Makiko, il cui involucro comincia a essere provato da una vita di indigenza, invece ne cerca attivamente la trasformazione. L’aumento del seno è un argomento che ha studiato a fondo e che spiega con dovizia di particolari alle sorella minore blaterando di metodi invasivi, scelta della protesi più adatta, acido ialuronico e decorso post-operatorio: «Se una è magra come una chiodo non può avere due bombe solo lì, no? Sarebbe ridicolo. Mi sa che non ho altra scelta, devo prepararmi psicologicamente e rassegnarmi alla collocazione retromuscolare». Osservatrice fra lo sbigottito e lo spassionato è la protagonista Natsuko che guarda alla sorella sciupata e al suo rapporto sul punto di spezzarsi con la figlia con preoccupazione ma senza comprendere fino in fondo. Durante una serata passata ai bagni pubblici, Natsuko sorprende la sorella a fissare i capezzoli di tutte le altre donne presenti: capezzoli grandi e scuri, piccoli, rosei, deformati dall’allattamento o ancora freschi e giovani. Makiko sembra esserne ossessionata, e le confessa di aver provato su di sé anche un doloroso sbiancamento delle areole. Natsuko al contrario è disinteressata: il suo corpo funziona come supporto del proprio cervello, e non viene caricato di particolare significato estetico.

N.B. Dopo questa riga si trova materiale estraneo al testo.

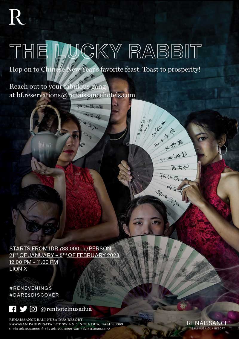 CELEBRATE LUNAR NEW YEARYEAR OF THE RABBIT AT MERUSAKA NUSA DUASTARTS FROM IDR 2.100.000 PER NIGHT FOR DELUXE ROOMTERMS & CONDITIONS- Minimum stay 2 nights- Booking period: immediately up to 15 January 2023 - Stay period: 19 January - 25 January 2023 INCLUSIONS- Daily breakfast for 2 adults & 2 kids under 6 years old - Chinese New Year Dinner with Barongsai performance on 21 January 2023 for 2 person- 1 time complimentary 2 scoop gelato- Discount 25% for any SPA Treatment- Discount 10% for F&B (Exclude In Room Dining) FOR INFORMATION AND RESERVATION:EMAIL STAY.MERUSAKA@MERUHOTELS.COM WHATSAPP +62 811-3895-552MERUSAKA.COM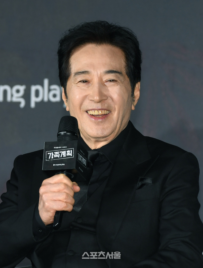 배우 백윤식이 26일 서울 용산구 몬드리안 호텔 이태원에서 열린 쿠팡플레이 오리지널 드라마 ‘가족계획’ 제작발표회에서 사회자의 질문에 답을 하고 있다.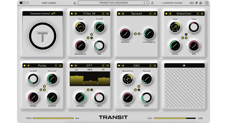 This plugin kills static mixes. We’ve teamed up with Andrew Huang to create a Transit FX plugin that will super-power your mixes. Use it for build-ups, falls, motion effects, lifts and sweeps – and keeps your listeners on their toes at all times.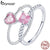 bamoer Real 925 Sterling Silver Pink Love CZ Ring For Fashion Women Cute Fine Jewelry Wedding Accessories Gift BSR157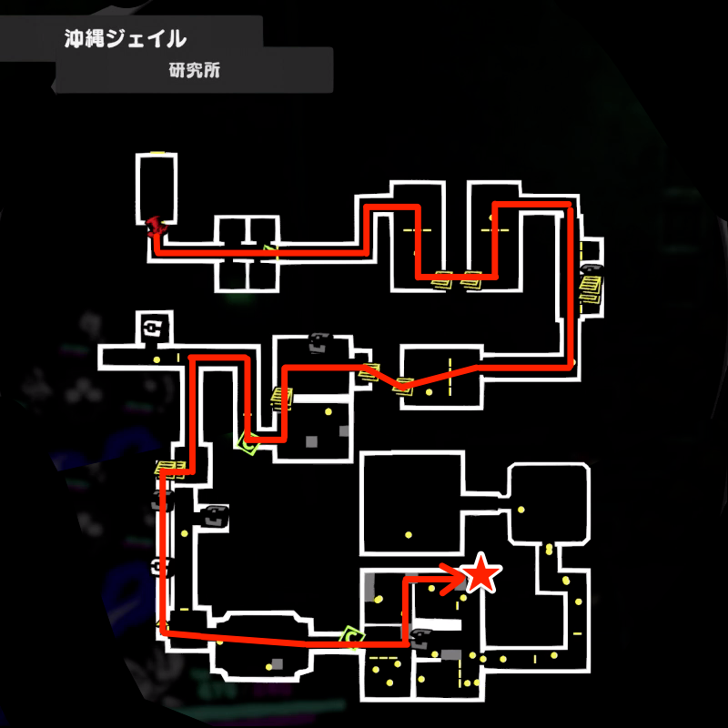 | 1 | 入り口から研究所エリアを進む。 |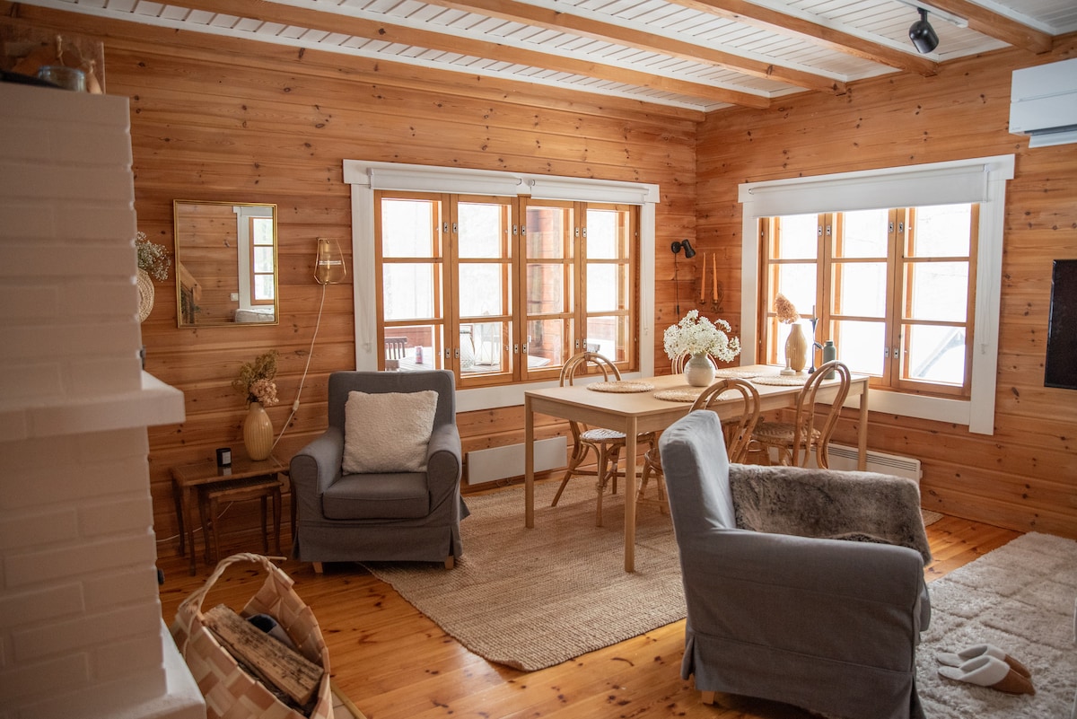 Níl ach 35 nóiméad sa charr ó Heilsincí ná ár dTeach teachín beag i bhforaois Kekkapää. Saoire ghearr rómánsúil iontach ag an deireadh seachtaine más mian leat blaiseadh a fháil de sabhna adhmaid príobháideach, de thuath Espoo, agus den dúlra in aice láimhe. Táimid suite laistigh d'achar siúil ó Myllyjärvi, chomh maith le seirbhísí spá mainéir agus bialainne Backby. Tá madraí, capaill, cat agus sicíní ar ár bhfeirm. Tá an teach deartha ag teaghlach ailtire dóibh féin.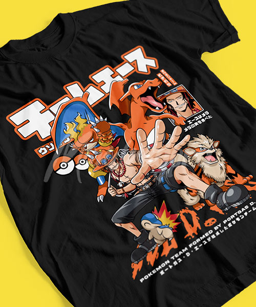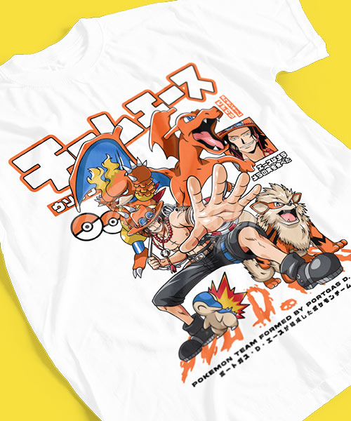 • Camiseta One Piece Portgas D. Ace con Pokémon.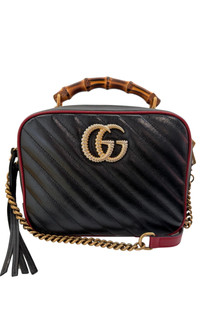 GG Marmont leather small shoulder bag Quilted leather Bamboo detailing Leather and chain-link shoulder strap Single top handle Top zip fastening GG motif Gold-tone hardware Composition: Bamboo 100%, Leather 100%, Gold Plated Metal 100% Lining: Microfibre 100% Depth: 3.7", Height: 6.9", Strap: 21.7", Width: 8.7" Handle: 1.4" Made in Italy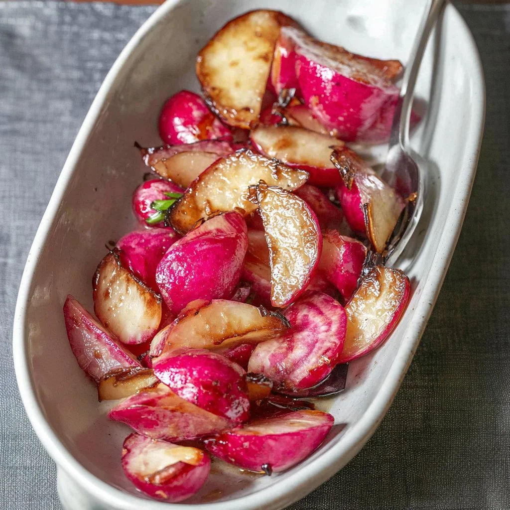 Sautéed Radishes shine when served alongside roasted meats or as a delightful addition to a vegetarian platter. Imagine them at a cozy family dinner or a potluck gathering, where they bring comfort and flavor to any occasion. Gusty evenings with warm bowls on the table create a lovely backdrop for sharing; they complement everything from a comforting stew to a light salad, perfect for quiet nights spent reminiscing with loved ones.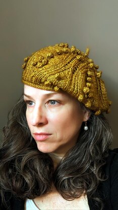 Knit in the round from the brim to the peak. A repeated motif is knit multiple times, building volume in the beret, and the motif tapers flat at the top, with a traditional i-cord to finish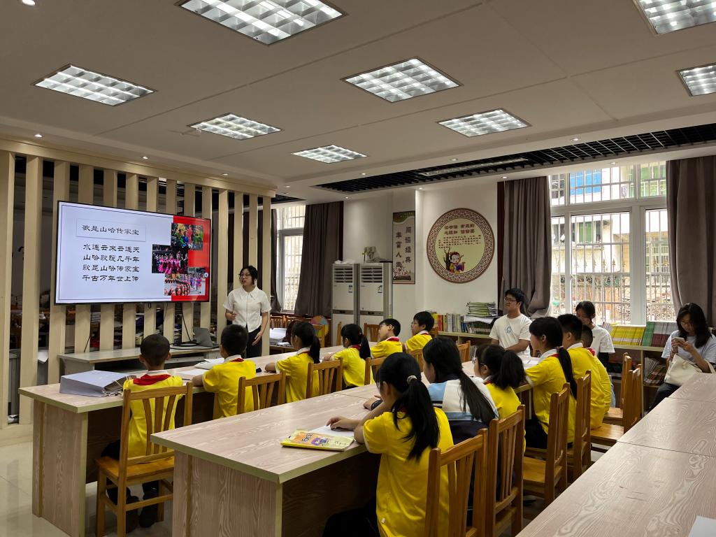 为推动畲族文化传承和发展,实践队针对当地情况,设计了教畲语、画畲服的专项课堂。来自畲族的主讲员蓝栀烨从最简单常用的畲族日常用语入手,就畲语的基本特点、基本发音、会话及畲歌的基本知识、对歌要领等内容对孩子们进行讲解。蓝栀烨同学对小朋友们说:“我们畲族没有文字,畲歌都是靠口口相传的形式一辈一辈地传下来的,希望能够通过教大家唱畲语畲歌,让畲族文化更好地传递下去。”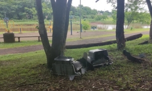 Aparelhos velhos de televisão jogados no Parque das Torres, em Campo Mourão.

La seconda e più corposa parte del romanzo, «Estate 2016 – Estate 2019», ha una narrazione più distesa e meno feroce. Natsuko, ormai scrittrice di una certa fama, sta lavorando a un secondo libro. Vuole avere un figlio ma il suo corpo non tollera il sesso, che le provoca in ogni occasione inquietudine e dolore e non suscita in lei nessun interesse. Che cosa significa essere o non essere in grado di fare l’amore? Lo stimolo meccanico non è sufficiente se il corpo è totalmente privo di reazione emotiva: «La zona intorno all’orifizio vaginale si era leggermente inumidita, forse per via del caldo o del sudore, fatto stava che però non sentivo nulla di particolare. Ferma in quella posizione, ho provato a riflettere sul sesso. Ma più ci pensavo e più non riuscivo a mettere a fuoco l’argomento, ero incapace di giungere a qualsivoglia conclusione.» La sua vagina però funziona e quindi, sospetta Natsuko, concepimento e gestazione non dovrebbero essere un problema, tranne che per il donatore iniziale.

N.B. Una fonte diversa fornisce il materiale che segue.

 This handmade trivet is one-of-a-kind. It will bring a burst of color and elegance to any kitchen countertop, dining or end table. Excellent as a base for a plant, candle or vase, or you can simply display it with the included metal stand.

Natsuko è ferma, fissa in un punto: da un lato non riesce ad andare avanti col suo romanzo, dall’altro non riesce a sbloccare il desiderio di maternità trasformandolo in azione. E in effetti, l’inseminazione artificiale è vietata alle donne giapponesi single: deve recarsi in una banca del seme fuori dal paese o prendere accordi illegali con un donatore anonimo. Due incontri disorientano la protagonista scatenando una lenta ma inesorabile reazione e sono rappresentati da persone nate con l’inseminazione artificiale: Aizawa è stato allevato da una madre e da un padre che amava; e Yuriko, cresciuta da un pedofilo i cui orribili abusi le hanno tolto la possibilità di una vita serena. Ogni decisione di portare un bambino in questa esistenza, nel dolore, sostiene Yuriko, è un atto di violenza. Una madre che cerca il frutto dei propri lombi va incontro all’ignoto e in questa stessa incertezza getta il nuovo nato e non se stessa; una condizione di chi potrebbe vivere «forse solo per poco nel dolore» per poi morire. Le parole di Yuriko risuonano in Seni e uova mentre Kawakami pone sotto esame l’atto stesso della nascita, col quale veniamo nostro malgrado in un mondo che non abbiamo scelto, dove alcuni fioriscono, altri soffocano. Non del tutto dissuasa, Natsuko si isola, esita a parlare del suo desiderio con la sorella o le poche amiche, e avverte il biasimo della società perché come donna single alla ricerca di un donatore di sperma si sente fuori dalla norma. Il romanzo mette al centro questa deviazione dalla norma e la volontà di trasformazione, la libertà di gestire il proprio corpo: la spudoratezza con la quale Makiko affronta la metodica ricerca di un clinica per la mastoplastica è la stessa che qualche anno più tardi abbraccerà Natsuko e che conferirà dignità al suo desiderio di un figlio.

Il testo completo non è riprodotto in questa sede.